Going through my substitution section of my homework, and I successfully did most of them but had trouble with two of them:
Determine the intersection of the following systems:
a) y = 2x – 7 and y = - x^{2} -4 x – 3
Heres my attempt:
(2x-7)=-x^{2} -4x-3
0=x^{2 }-4x-3-2x+7
-1(0=-x^{2 }-6x+4)
0=x^{2}+6x-4
In every other question we've had we could just simplify this last step to end up with an answer like (x-x)(x-x), however with this one I can't see what multiplies to -4, and adds to 6
Then there's the second one
b) x^{2} + y^{2} = 30 and 2 x – 3 y = 10
2x-3y=10 ~ y= 2x + 10
3 3
x^{2 }+(2x + 10)^{2} = 30
.........3......3 [sorry about dots, still learning how to type in equations]
Is this correct so far? It doesn't feel like it is....

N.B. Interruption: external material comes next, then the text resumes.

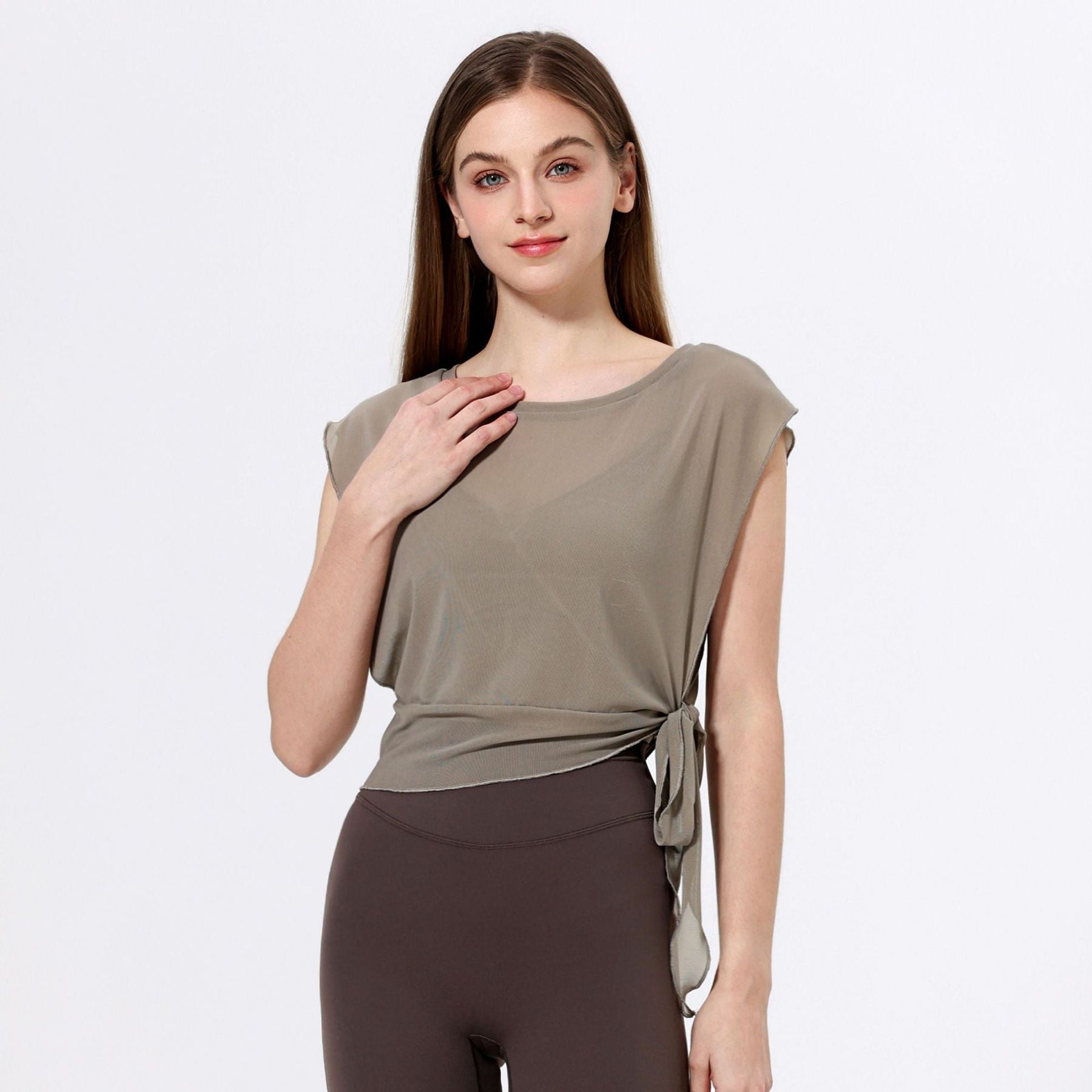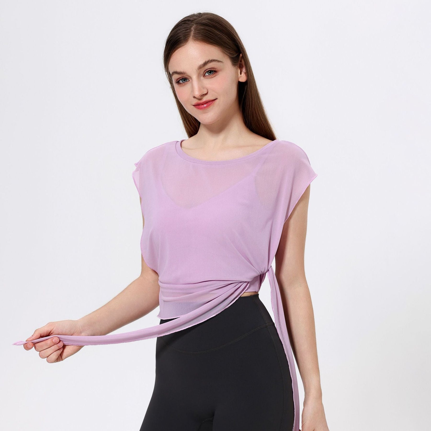 Two Piece Mesh Yoga Clothes Short Sleeve Running Quick Drying Sports Bra One Piece Cup Workout Dance Clothes Top
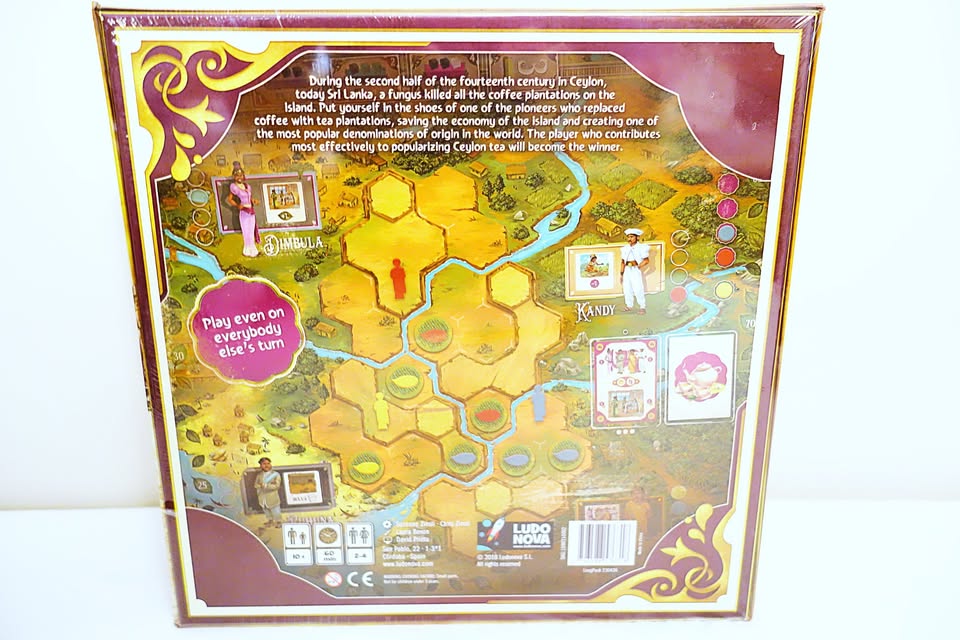 In Ceylon, players take on the role of the pioneers who developed the Ceylon tea industry. As such, they build plantations in different districts and at different altitudes. They produce tea and try to sell it to the most important export companies. To favor this task, they must win the favor of the counselors of each district and develop the necessary technology that allows them to get ahead of their competitors.

For quadratic equations you can find the zeros by the following methods (in order of decreasing difficulty): Rational Root Theorem, Factoring, Completing the Square, Quadratic Equation.
It's useful to know all 4.
For problem 1, completing the square you arrive at +/- sqrt(13)-3
Problem 2, you seem to be doing it right. Squaring that linear expression gives you a trinomial of the 2nd degree. Combine terms. Use quadratic equations if it's messy.

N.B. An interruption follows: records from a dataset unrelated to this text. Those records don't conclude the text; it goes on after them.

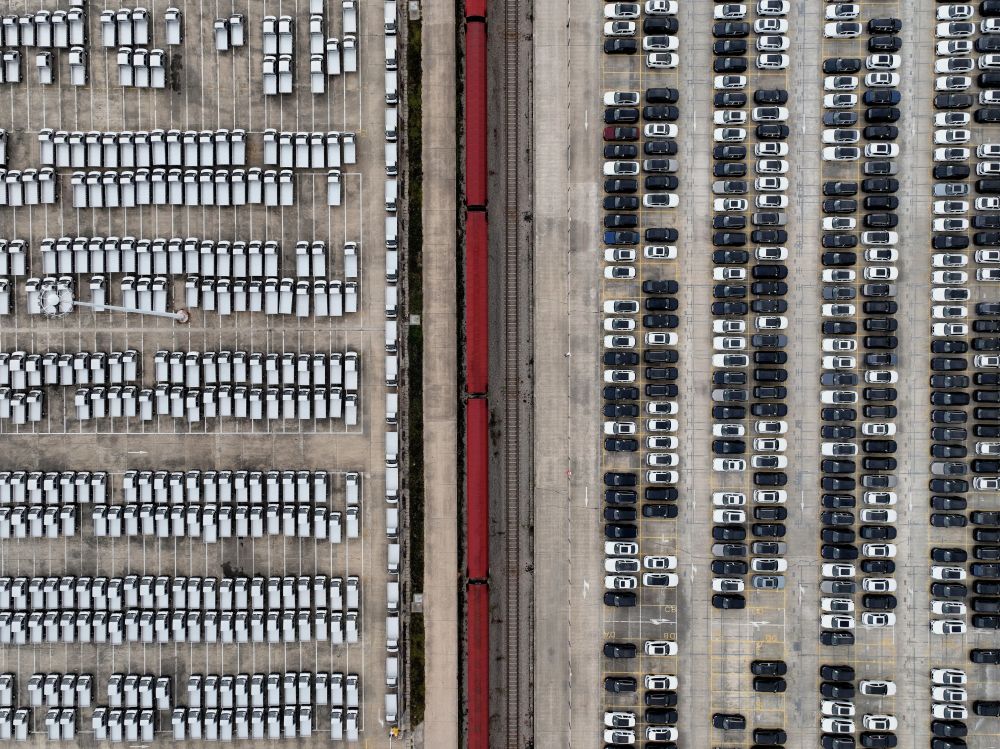 這是在中鐵聯(lián)集武漢中心站拍攝的整裝待發(fā)的汽車(2024年11月16日攝,無人機(jī)照片)。新華社記者 邢廣利 攝
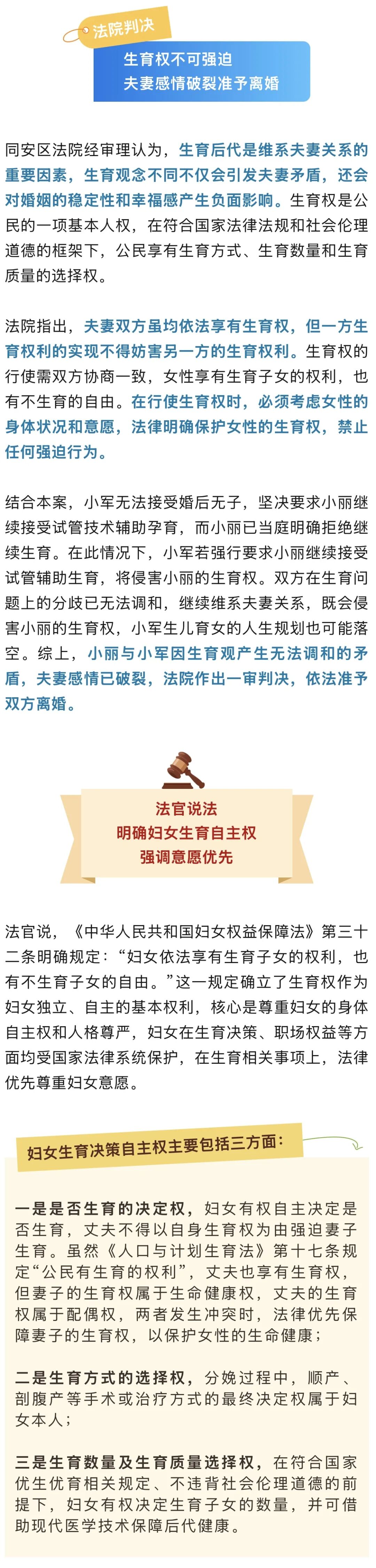 最终,小丽向法院提起离婚诉讼。庭审中,她明确表示不愿再接受试管辅助生育。而小军则不同意离婚,当庭仍劝说小丽继续接受治疗,称自己无法接受没有孩子的婚姻。
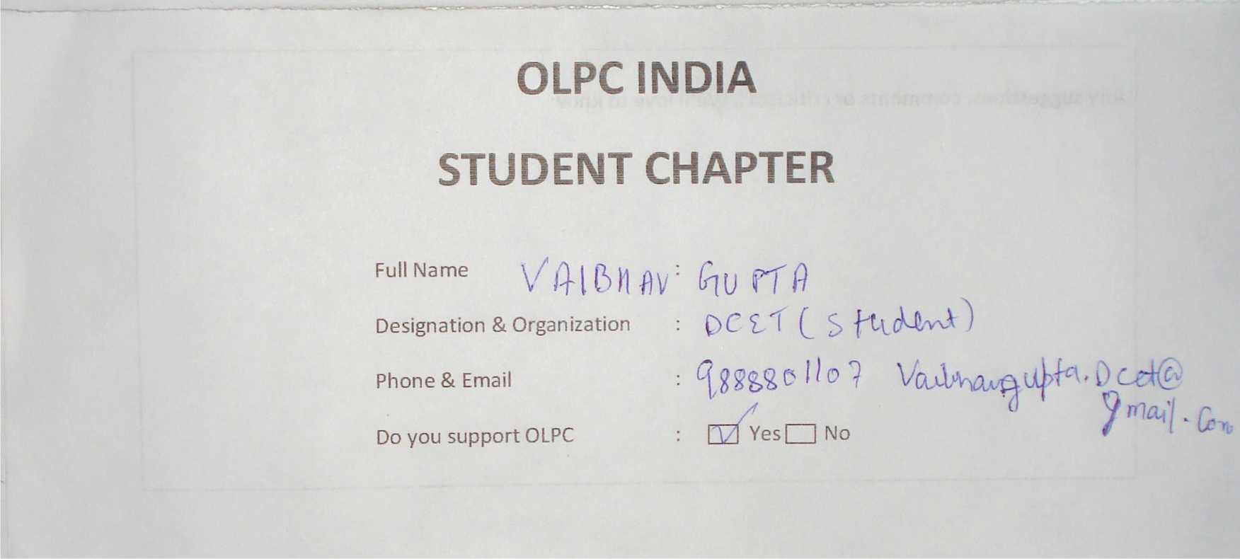 Membership form of OLPC India Student Chapter
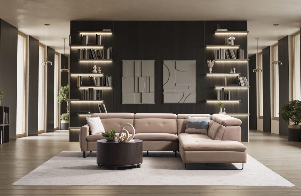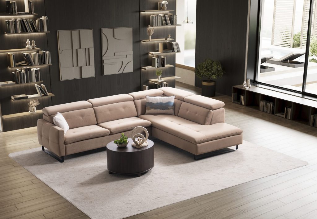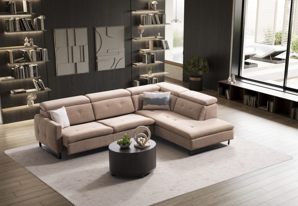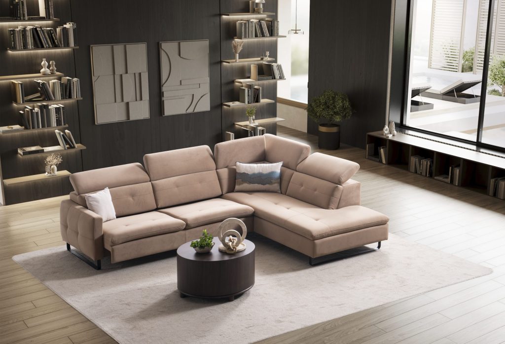 Ъглов разтегателен диван «Gizem Lounge» + електрически механизъм, USB зарядна станция, ширина 315см

Please refer to our LaTeX forum. Basic use is quick and much easier for us to understand what equations you are trying to type. Look up \sqrt and \frac.
-Dan
topsquark I will check that out tomorrow, I have to go to bed right now, so I'm not going to be able to do it now.
For now I'll just clean it up by posting a picture, hopefully if someone answers I can check it in the morning before my test.
Can anyone solve this for me? This is a sample question for my quiz tomorrow that I'm still not ready for, could really, really use an answer.